The poem bears a resemblance to an earlier work titled "The Bloody Orkneys", written by Andrew James Fraser Blair, author and journalist, under the pseudonym Captain Hamish Blair.[3][4][5] In 2009 Clarke said he "didn't consciously copy it. But I must have heard that poem, years ago. It's terrific."[6]

"Evidently Chickentown" appears in Danny Boyle's 2001 film Strumpet,[7] in Jacques Audiard's 2012 film Rust and Bone,[8] and during the transition between the subject matter of parts 1 and 2 in the 2021 two-part documentary Tiger. Clarke appears as himself reciting the poem in the 2007 British film Control, directed by Anton Corbijn.[9] It was also used at the end of "Stage 5", a 2007 episode of the American television drama The Sopranos. Sean O'Neal of The A.V. Club wrote that the poem "ranks as one of the show's sharpest and most effective musical moments, somehow capturing the vexation of a New York mafia guy with the words of a British punk who's complaining about flat beer and cold chips."[10]

References

  1. Bennun, David (2006). British as a Second Language. London: Ebury Press.

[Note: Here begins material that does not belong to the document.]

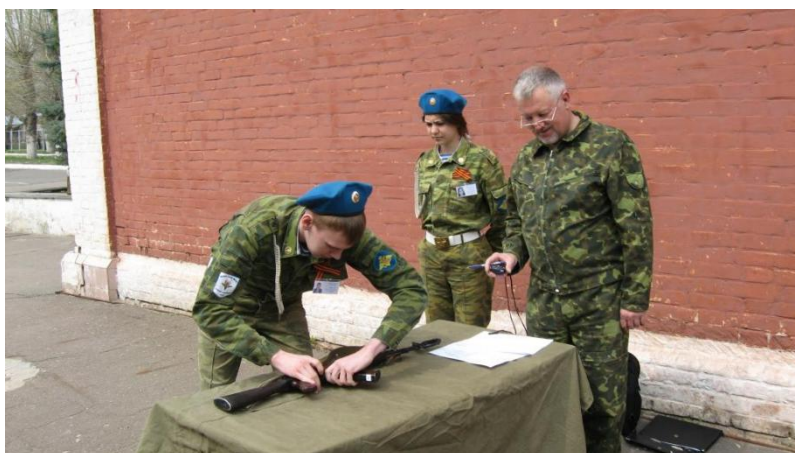
Photo 18. A school student dismantles the Kalashnikov assault rifle, 9 May 2018

However, modern schoolchildren in the Tambov region are more likely to answer questions about the history, which, as a rule, test the knowledge of the most striking facts of the Great Patriotic War of 1941-1945, then to demonstrate the ability to defend the Motherland. Moreover, as in the case of other commemorations there is no ideology behind the game "Zarnitsa" in the Russian version like the one in the USSR. This is a set of practices demonstrating military skills, the ability to obey orders and know the generally accepted set of facts about the history of the Great Patriotic War.

  2. Mills, Peter (2003). "John Cooper Clarke". In Buckley, Peter (ed.). The Rough Guide to Rock. London: Rough Guides. p. 202.
  3. Blair, Hamish (1958) [First published 1952]. "The Bloody Orkneys". In Silcock, Arnold (ed.). Verse and Worse (2nd ed.). Faber and Faber Limited. p. 251. ISBN 978-0-5710-5132-8.

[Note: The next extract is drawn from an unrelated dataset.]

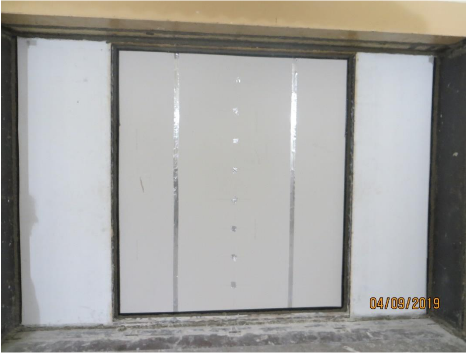
Figure 1 – Specimen mounted in test opening, as viewed from receive room
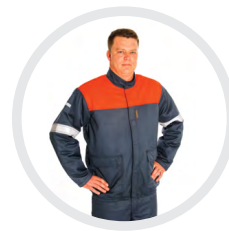
ALU-SAFE®DP Winter Jacket

  4. Blair, Hamish (2005). "The Bloody Orkneys". In McGovern, Una (ed.). Chambers Dictionary of Quotations. Pseudonym of Andrew James Fraser Blair 1872–1935. Chambers Harrap Publishers Ltd. p. 132. ISBN 0550-10085-7.
  5. Blair, Hamish. "The Bloody Orkneys". Snap Dragon: Poetry Corner. Archived from the original on 2018-08-20. Retrieved 2019-02-12.
  6. Chalmers, Robert (8 November 2009). "A life of rhyme: John Cooper Clarke, the 'punk Poet Laureate', grants Robert Chalmers his first major interview in more than 20 years". The Independent. Retrieved 23 March 2015.
  7. Smith, Rupert (2011). "Back from the Beach". In Dunham, Brent (ed.). Danny Boyle: Interviews. Jackson: University Press of Mississippi. p. 68.
  8. Mault, DW (31 October 2012). "Rust And Bone – Reviewed". The Double Negative. Retrieved 12 January 2013.
  9. Murphy, Robert (17 February 2009). The British Cinema Book (3rd ed.). British Film Institute. p. 405.
  10. O'Neal, Sean (6 March 2015). "A British punk captured the feelings of a Sopranos mobster". The A.V. Club. Retrieved 28 August 2017.